You can see the value of dogs in war, yes? No, they can’t fire rifles or blow up things by themselves. They can, however, do everything else, do it well, and never question orders. Think of how valuable that is – “hey, Max, go into hostile territory by yourself, find the hidden mines, the cache of weapons, the snipers and report back … if you’re good, I’ll give you a treat.” Of course, now I’m thinking about giving Forrest Gump and doggie snack for rescuing four platoon members under heavy fire.
Max is G.I. German Shepherd. And Max the movie has a great deal of respect for the literal dogs of war. Soldier Kyle (Robbie Amell) is so All American, he farts flags. As the keeper of Max, these two lead missions in the Kandahar Province of Afghanistan. That is, until Kyle dies in a firefight. The same battle that claims Kyle also claims Max’s war skills. Who knew dogs could get post-traumatic stress disorder? Lacking options, the dog is sent to live with Kyle’s family, specifically under the care of Kyle’s surly teen brother Justin (Josh Wiggins).
This is, basically, the picture – making a dog whisperer out of Justin, the little jerk. We see where this is going from the outset when Justin chooses to play video games instead of attending the family skype with Kyle. Max makes no bones about presenting Justin as an ungrateful prick – not only failing the skype but mocking the Corps in the process. Ex-marine dad (Thomas Haden Church) doesn’t hide his antipathy towards Justin’s attitude, either. When Justin fails to report for summer job duty at dad’s rent-a-center, dad is only too happy to bestow traumatized-dog watching responsibility on his troubled teen.
This is one of those films that wants it both ways – it openly questions U.S. foreign policy, but presents free-minded souls as opportunists as villains. (Seriously, film, I’m not saying it can’t be done, but how exactly does one smuggle a carload of weapons from Afghanistan to the United States? Isn’t this exactly what Homeland Security is supposed to be looking for?) Is the solution that we should all be simpler, more dog-like, unquestioning and obedient? What if the reasons for war are bad, like you’ve pointed out? Don’t we need some non-followers among the soldiers? Honestly, without them I think we’d never leave the Middle East. I’m sure that suits some of you just fine.

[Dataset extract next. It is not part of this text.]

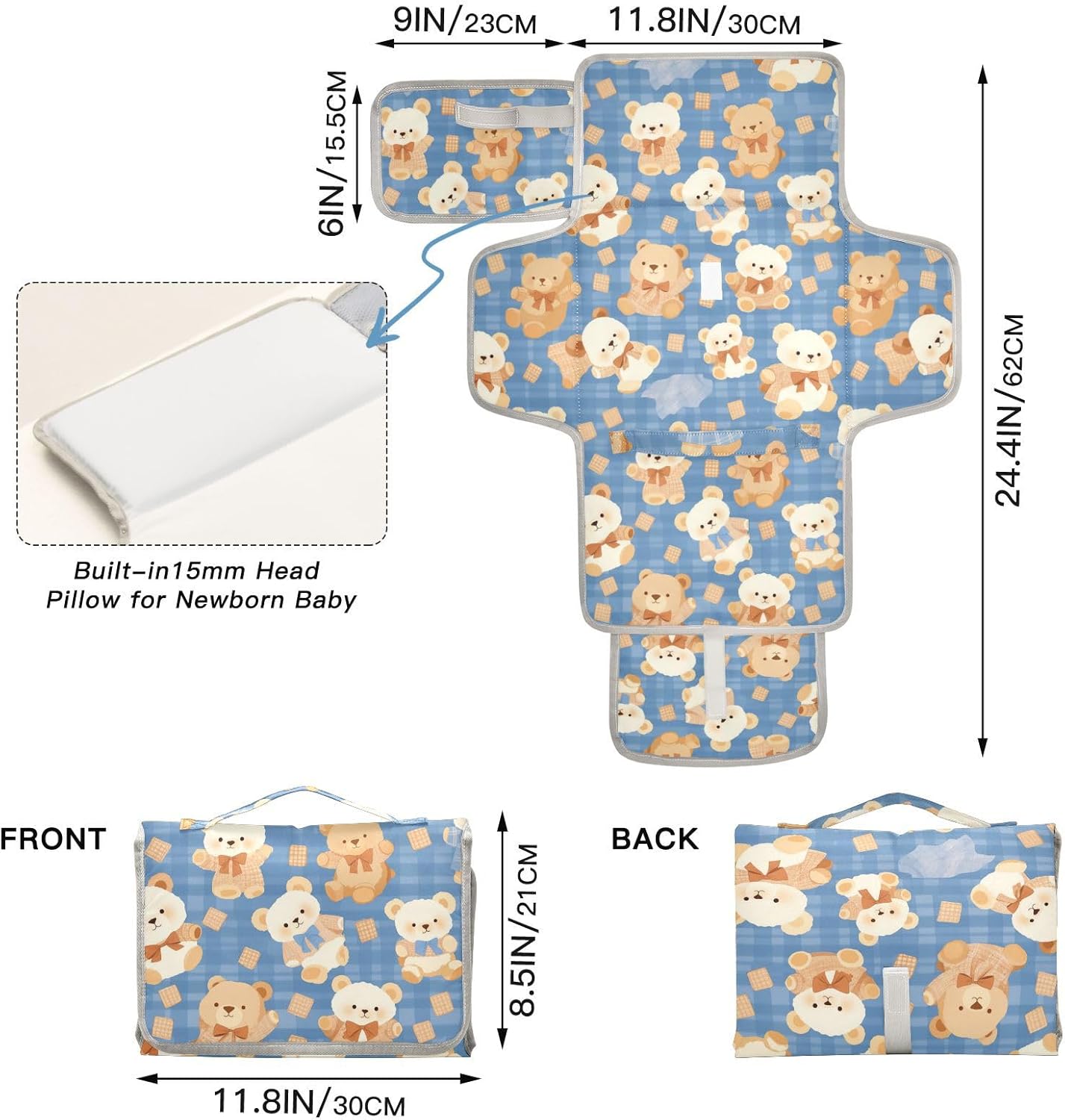 Cartoon Bears Cute Plaids Reusable Changing Pads for Baby with Tissue Pocket Diaper mat Changing pad Travel Infant Travel Station Kit cambiadores de pa?ales para Bebes

I’m impressed with what a well-trained dog can do. “Sniff this money, boy. Good, now find the drug dealer!” I’m unimpressed with what this film about a well-trained dog did. The script was simple, and then delved in crime-solving when it realized simple wasn’t enough. It needed sharper animal wrangling, sharper resolution, sharper intrigue, sharper action, sharper character development, shaper love story or just plain sharper writing. It got none of the above, but you parents who want your kids to be soldiers might just enjoy it as a training video.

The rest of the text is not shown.